We use Nominatim to geocode structured addresses of incorporation of legal entities from the EGRUL. There may be errors in the original addresses that prevent us from geocoding firms to a particular house. Gazprom, for instance, is geocoded up to a house level in 2014 and 2021-2023, but only at street level for 2015-2020 due to improper handling of the house number by Nominatim. In that case we have fallen back to street-level geocoding. Additionally, streets in different districts of one city may share identical names. We have ignored those problems in our geocoding and invite your submissions. Finally, address of incorporation may not correspond with plant locations. For instance, Rosneft has 62 field offices in addition to the central office in Moscow. We ignore the location of such offices in our geocoding, but subsidiaries set up as separate legal entities are still geocoded.
Why is the data for firm X different from https://bo.nalog.ru/?
Many firms submit correcting statements after the initial filing. While we have downloaded the data way past the April 1, 2025 deadline for 2024 filings, firms may have kept submitting the correcting statements. We will capture them in the future releases.

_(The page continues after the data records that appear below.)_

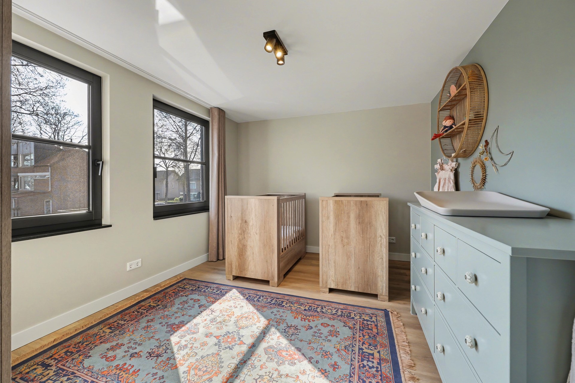 Deze kamer is eveneens ruim en hoogwaardig afgewerkt en daarmee perfect geschikt als kinder-, logeer- of tweede slaapkamer. Ook hier zijn praktische details zoals een vast internet aansluiting en horren aanwezig, wat bijdraagt aan het comfort en gebruiksgemak.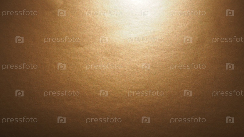 Желто-коричневая бумага с металлическим блеском, сверху светит подсветка. Абстрактный фон с градиентом. Скопируйте пространство. Текстура и неровности на поверхности. Блеск отдельных точек
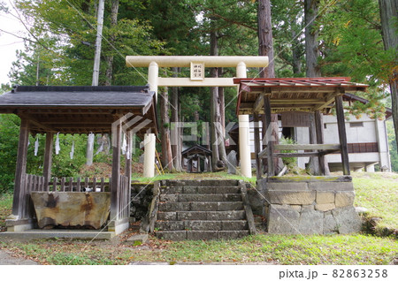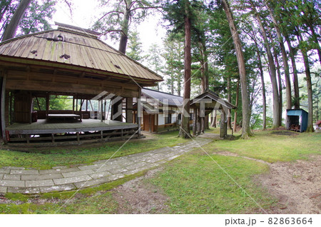 信州 筑北村の神社 刈谷沢神明宮 境内光景 白鳳時代の創建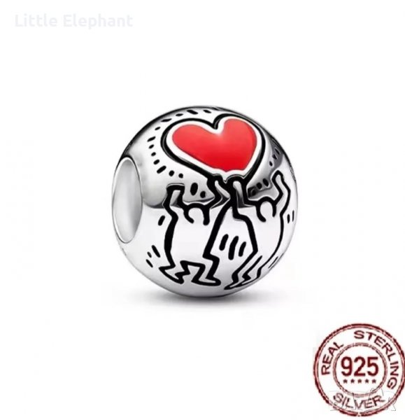 Сребърен елемент Пандора,Keith Haring,Love and Figures/нов → Обява 38323895

We provide the source data as is, with minimal changes. Consider a relatively unknown LLC Banknota. It reported 3.7 trillion rubles in revenue in 2023, or 2% of Russia's GDP. This is obviously an outlier firm with unrealistic financials. We have manually reviewed the data and flagged such firms for user consideration (variable outlier
), keeping the source data intact.
We should stress that we provide unconsolidated financial statements filed according to the Russian accounting standards, meaning that it would be wrong to infer financials for corporate groups with this data. Gazprom, for instance, had over 800 affiliated entities and to study this corporate group in its entirety it is not enough to consider financials of the parent company.
The data is provided in Apache Parquet format. This is a structured, column-oriented, compressed binary format allowing for conditional subsetting of columns and rows. In other words, you can easily query financials of companies of interest, keeping only variables of interest in memory, greatly reducing data footprint.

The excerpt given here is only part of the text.